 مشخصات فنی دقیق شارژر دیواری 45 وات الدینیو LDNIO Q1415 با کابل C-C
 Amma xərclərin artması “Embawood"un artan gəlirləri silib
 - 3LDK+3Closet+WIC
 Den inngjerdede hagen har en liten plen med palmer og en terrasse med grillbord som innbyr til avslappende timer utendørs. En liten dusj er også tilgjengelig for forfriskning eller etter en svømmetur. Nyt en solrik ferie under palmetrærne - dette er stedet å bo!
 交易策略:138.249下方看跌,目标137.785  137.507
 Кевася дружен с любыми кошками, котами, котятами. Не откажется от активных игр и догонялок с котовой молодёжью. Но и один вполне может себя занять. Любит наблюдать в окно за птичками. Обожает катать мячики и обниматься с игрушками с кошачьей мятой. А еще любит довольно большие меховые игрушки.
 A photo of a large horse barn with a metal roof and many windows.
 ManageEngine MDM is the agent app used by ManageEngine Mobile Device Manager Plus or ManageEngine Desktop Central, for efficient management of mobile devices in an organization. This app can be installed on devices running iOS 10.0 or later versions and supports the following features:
#####
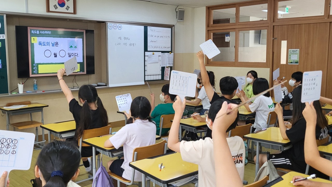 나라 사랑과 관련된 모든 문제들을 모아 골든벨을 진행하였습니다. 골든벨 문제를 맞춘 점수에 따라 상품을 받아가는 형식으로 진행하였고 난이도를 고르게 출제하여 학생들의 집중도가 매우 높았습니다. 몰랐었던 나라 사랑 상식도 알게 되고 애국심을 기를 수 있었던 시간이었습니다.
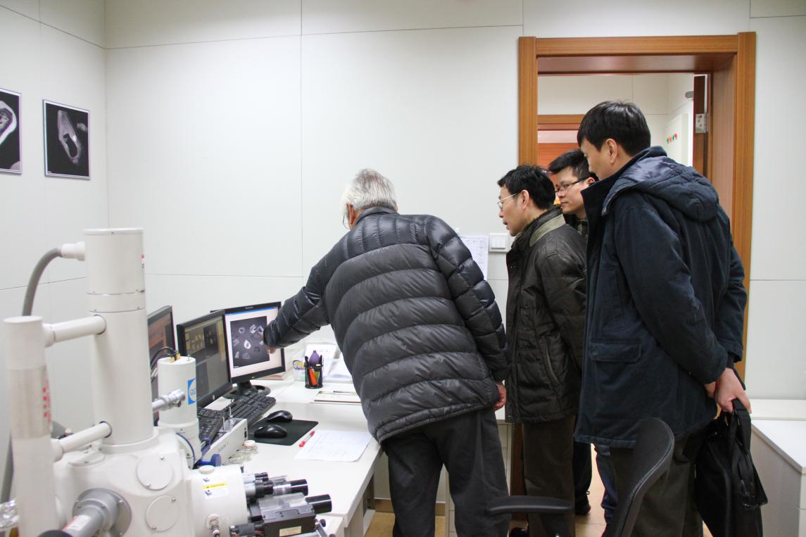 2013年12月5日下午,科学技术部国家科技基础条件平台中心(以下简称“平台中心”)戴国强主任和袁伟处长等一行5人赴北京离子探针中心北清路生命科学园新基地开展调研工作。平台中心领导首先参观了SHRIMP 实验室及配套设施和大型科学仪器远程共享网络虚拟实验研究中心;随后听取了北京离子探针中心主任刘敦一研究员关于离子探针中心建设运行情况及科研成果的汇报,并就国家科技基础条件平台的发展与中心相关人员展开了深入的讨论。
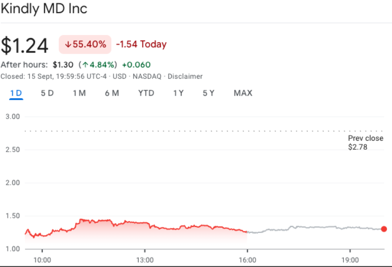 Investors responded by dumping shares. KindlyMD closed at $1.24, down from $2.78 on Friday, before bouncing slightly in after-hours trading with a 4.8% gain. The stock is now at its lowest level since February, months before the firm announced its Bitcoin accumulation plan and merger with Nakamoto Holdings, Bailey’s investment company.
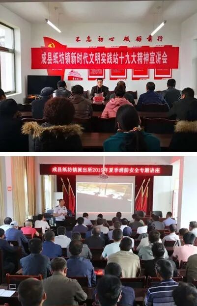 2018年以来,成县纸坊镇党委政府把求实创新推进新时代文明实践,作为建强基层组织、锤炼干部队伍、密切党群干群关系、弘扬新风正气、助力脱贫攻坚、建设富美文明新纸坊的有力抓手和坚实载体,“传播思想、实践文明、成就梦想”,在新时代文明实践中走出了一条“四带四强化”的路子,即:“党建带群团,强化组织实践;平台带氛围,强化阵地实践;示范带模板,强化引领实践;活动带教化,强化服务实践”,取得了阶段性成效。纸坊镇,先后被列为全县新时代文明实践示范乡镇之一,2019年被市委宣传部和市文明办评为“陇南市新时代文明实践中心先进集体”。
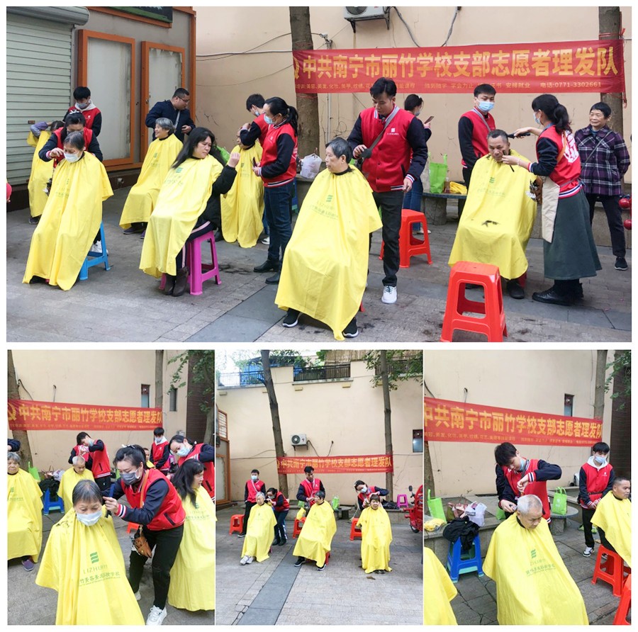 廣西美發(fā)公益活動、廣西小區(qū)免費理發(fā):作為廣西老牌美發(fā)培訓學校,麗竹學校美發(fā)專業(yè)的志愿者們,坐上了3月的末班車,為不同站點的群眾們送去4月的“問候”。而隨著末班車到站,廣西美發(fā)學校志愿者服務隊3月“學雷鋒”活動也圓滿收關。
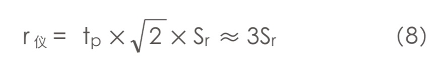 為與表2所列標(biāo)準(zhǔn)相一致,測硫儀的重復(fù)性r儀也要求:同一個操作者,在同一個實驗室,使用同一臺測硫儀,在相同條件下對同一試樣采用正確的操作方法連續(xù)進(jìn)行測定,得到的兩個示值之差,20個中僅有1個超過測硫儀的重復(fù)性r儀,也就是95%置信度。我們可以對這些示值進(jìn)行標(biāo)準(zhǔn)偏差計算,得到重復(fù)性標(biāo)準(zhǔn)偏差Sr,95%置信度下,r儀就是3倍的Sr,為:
#####
* _Task prompt_
Copy exactly, without pictures, the lines above from the one with "나라 사랑과 관련된 모든" down to the one with "2013年12月5日下午,科", inclusive.

* _Answer for the task_
 나라 사랑과 관련된 모든 문제들을 모아 골든벨을 진행하였습니다. 골든벨 문제를 맞춘 점수에 따라 상품을 받아가는 형식으로 진행하였고 난이도를 고르게 출제하여 학생들의 집중도가 매우 높았습니다. 몰랐었던 나라 사랑 상식도 알게 되고 애국심을 기를 수 있었던 시간이었습니다.
 2013年12月5日下午,科学技术部国家科技基础条件平台中心(以下简称“平台中心”)戴国强主任和袁伟处长等一行5人赴北京离子探针中心北清路生命科学园新基地开展调研工作。平台中心领导首先参观了SHRIMP 实验室及配套设施和大型科学仪器远程共享网络虚拟实验研究中心;随后听取了北京离子探针中心主任刘敦一研究员关于离子探针中心建设运行情况及科研成果的汇报,并就国家科技基础条件平台的发展与中心相关人员展开了深入的讨论。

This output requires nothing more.